Two coronal and one sagittal MRI/microPET fusion images are shown through the frontal lobes with the dorsolateral prefrontal cortex (white), anterior cingulate cortex (blue) and orbital and ventromedial frontal cortex (yellow) ROIs outlined. Numbers to the left of each image indicate distance (in mm) from the interaural plane for coronal images or from the midline for sagittal images (negative numbers indicate left hemisphere). The levels of the two coronal images are also indicated in red on the sagittal image. The orange overlay indicates areas where average RI count was more than two standard deviations greater in control animals than amygdala-lesioned animals.

Figure 8

The percent difference from mean whole brain metabolism in the five subcortical ROIs (averaged across hemispheres) for each experimental group.
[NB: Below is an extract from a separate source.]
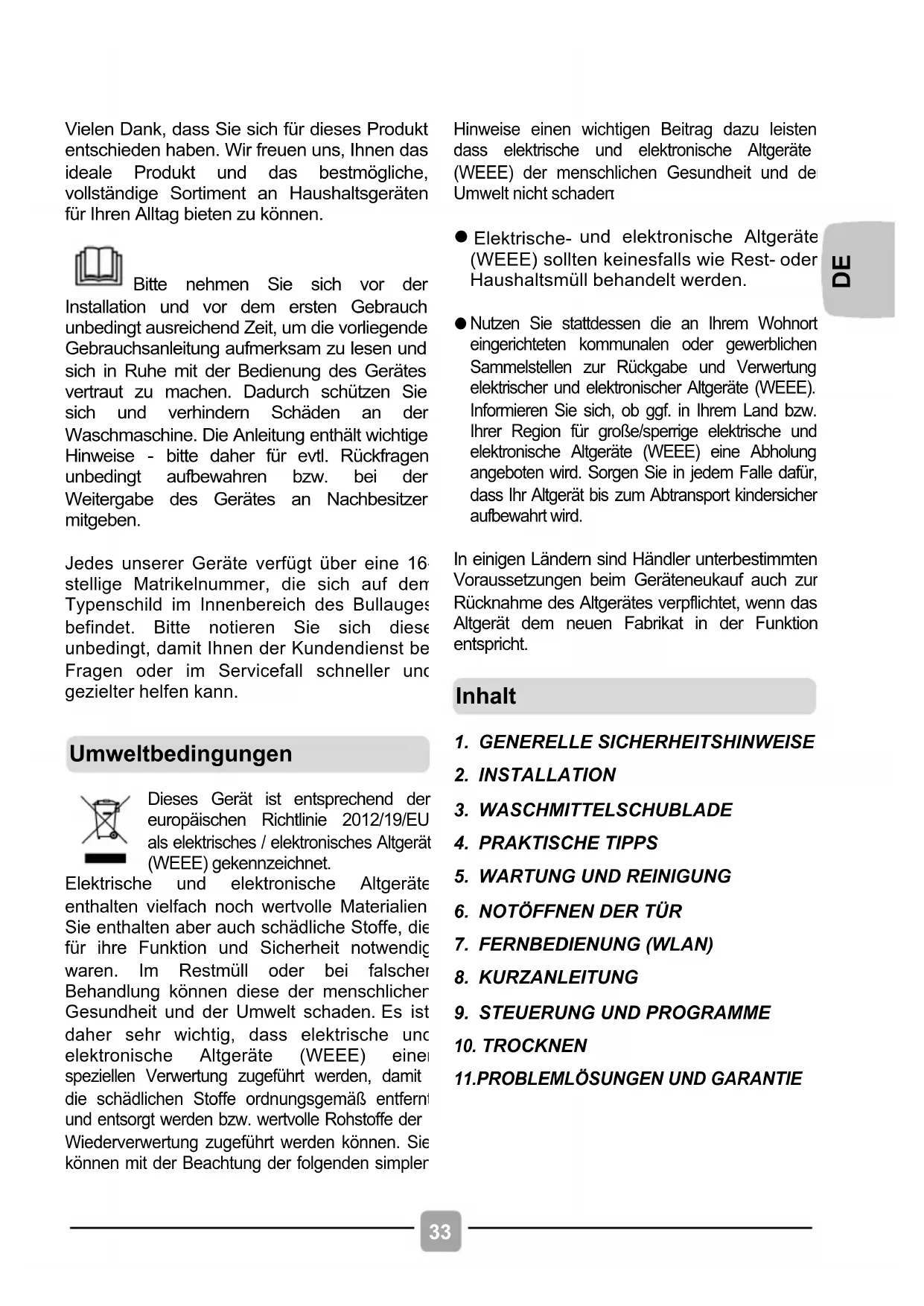 Bitte nehmen Sie sich vor der Installation und vor dem ersten Gebrauch unbedingt ausreichend Zeit, um die vorliegende Gebrauchsanleitung aufmerksam zu lesen und sich in Ruhe mit der Bedienung des Gerätes vertraut zu machen. Dadurch schützen Sie sich und verhindern Schäden an der Waschmaschine. Die Anleitung enthält wichtige Hinweise

Significant group differences were detected for the caudate nucleus and putamen, but not for the globus pallidus, nucleus accumbens or substantia innominata. Vertical lines associated with each bar represent the standard error of the mean. * p ≤ .05.

Figure 9

Two coronal MRI/microPET fusion images are shown with the caudate nucleus (white) and putamen (blue) ROIs outlined. Numbers to the left of each image indicate distance (in mm) from the interaural plane. The orange overlay indicates areas where average RI count was more than two standard deviations greater in control animals than amygdala-lesioned animals.

Figure 10

The percent difference from mean whole brain metabolism in the nine temporal and posterior cingulate ROIs (left and right hemispheres averaged) for each experimental group. Significant group differences were only detected for the hippocampus and retrosplenial cortex. Vertical lines associated with each bar represent the standard error of the mean. * p ≤ .05, ** p < .01.

Figure 11

Sagittal MRI/microPET fusion images showing the right hippocampus (left panel) and left retrosplenial cortex ROIs (right panel). Numbers to the left of these sagittal images indicate distance (in millimeters) from the midline (positive numbers indicate right hemisphere, negative numbers indicates left hemisphere). The orange overlay indicates areas where average RI count differed by more than two standard deviations between groups as indicated.